The Segway looks like a sawn-off scooter on oversized wheels. Created in 2001 by maverick American inventor Dean Kamen (said to be the Willy Wonka of the mobility world), this nippy device is perfect for exploring foreign streets whilst avoiding sore feet. Grasping the basics takes around 10 minutes, but, unless seriously uncoordinated, staying upright isn’t too tricky. The controls are simple: lean forward to go forward, back to go back, and twist the steering grip to go right or left. Tours can be found in Barcelona (www.segwaytours.cat), Madrid (www.madsegs.com), Berlin, Budapest, Paris and Vienna (www.citysegwaytours.com), and in Florence and Rome (www.nerone.cc). Segways are not yet licensed for public use in the UK.

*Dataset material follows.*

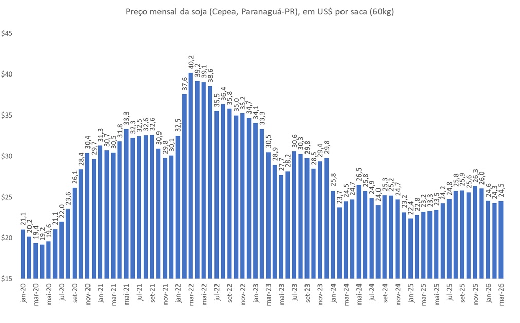 A Figura apresenta os dados médios do preço nominal da soja (Cepea, Paranaguá-PR), em dólares por saca, entre janeiro de 2020 e a parcial de março de 2026 (até o dia 4).

Scooting around the Eternal City

When in Rome, do as the Romans do – which generally means looking unfathomabley cool whilst probably riding a Vespa. The only problem is the million other notoriously anarchic Roman road users who think the Highway Code is the next novel by Dan Brown. But this doesn’t mean you can’t ride a Vespa, it’s just that it’s more sensible (and cheaper on your travel insurance) to let a professional local take the evasive action while you ride pillion and concentrate on the sights. Nerone (www.nerone.cc) offer Vespa tours, and extend the idea to four wheels with the classic, small-but perfectly-formed Fiat 500.

Deux Chevaux in Paris

Edgy, slick and chic are three typically Parisian adjectives that you will never hear applied to the humble Citroen 2CV. It’s more Pierre-Yves Gerbeau than Thierry Henry, more Zut Alors! than Ooh La La! and more “b-room-cough-b-room” than “va va voom”. But, ironically for a city where the natives are renowned for their self-conscious style, that’s perhaps why Parisians and visitors love the Deux Chevaux. It is cheap, fun, and an anti-style icon, albeit every bit as French as the Eiffel Tower, Brigitte Bardot, hoopy jumpers and strings of onions. Tour company Quatre Roues Sous Un Parapluie (Four Wheels under an Umbrella) (www.4roues-sous-1parapluie.com) offers tours around central Paris, with flat-cap-wearing chauffeurs providing informative and entertaining local commentary. The soft-top roof allows panoramic views of the sights, and the steep narrow streets of Montmartre, off-limits to bus tours, are easily negotiated. Prices start from €19 per person.